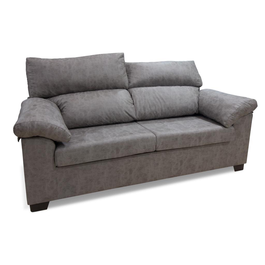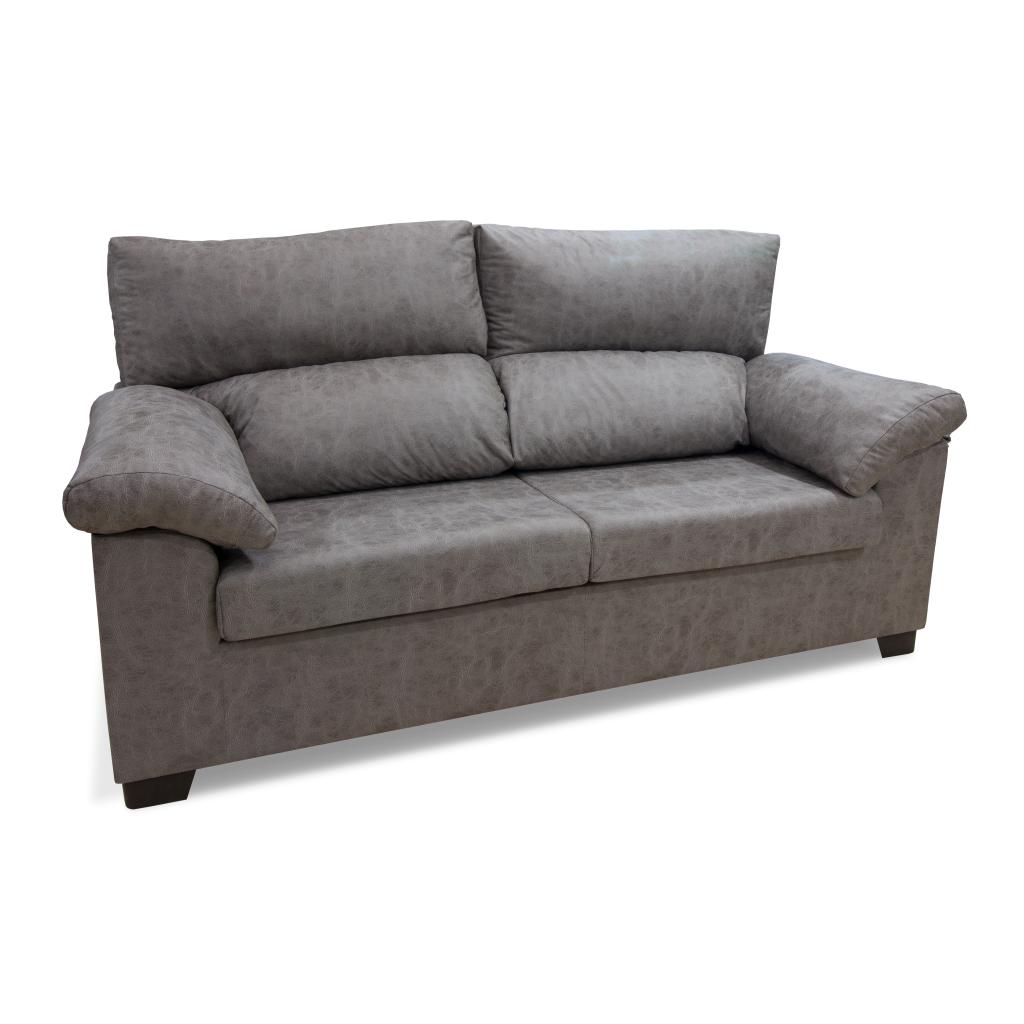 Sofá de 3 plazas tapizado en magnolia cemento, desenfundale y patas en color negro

...

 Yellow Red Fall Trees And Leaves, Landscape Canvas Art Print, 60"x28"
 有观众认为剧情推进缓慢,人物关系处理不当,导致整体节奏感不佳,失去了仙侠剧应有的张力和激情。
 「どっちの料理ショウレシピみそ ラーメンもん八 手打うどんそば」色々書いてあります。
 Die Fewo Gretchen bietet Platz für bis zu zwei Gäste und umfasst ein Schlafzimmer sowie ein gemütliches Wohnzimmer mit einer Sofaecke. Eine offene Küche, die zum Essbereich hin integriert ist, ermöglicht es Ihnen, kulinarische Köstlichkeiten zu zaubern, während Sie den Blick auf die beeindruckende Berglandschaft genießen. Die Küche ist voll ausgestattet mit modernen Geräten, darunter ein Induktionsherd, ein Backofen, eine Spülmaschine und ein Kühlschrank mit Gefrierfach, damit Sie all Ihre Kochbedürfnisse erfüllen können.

* Prompt *
Begin at the line that has "有观众认为剧情推进缓慢,人物" in the entries above; stop after the line that has "Die Fewo Gretchen". Transcribe exactly those lines and no others.

* Exercise output *
 有观众认为剧情推进缓慢,人物关系处理不当,导致整体节奏感不佳,失去了仙侠剧应有的张力和激情。
 「どっちの料理ショウレシピみそ ラーメンもん八 手打うどんそば」色々書いてあります。
 Die Fewo Gretchen bietet Platz für bis zu zwei Gäste und umfasst ein Schlafzimmer sowie ein gemütliches Wohnzimmer mit einer Sofaecke. Eine offene Küche, die zum Essbereich hin integriert ist, ermöglicht es Ihnen, kulinarische Köstlichkeiten zu zaubern, während Sie den Blick auf die beeindruckende Berglandschaft genießen. Die Küche ist voll ausgestattet mit modernen Geräten, darunter ein Induktionsherd, ein Backofen, eine Spülmaschine und ein Kühlschrank mit Gefrierfach, damit Sie all Ihre Kochbedürfnisse erfüllen können.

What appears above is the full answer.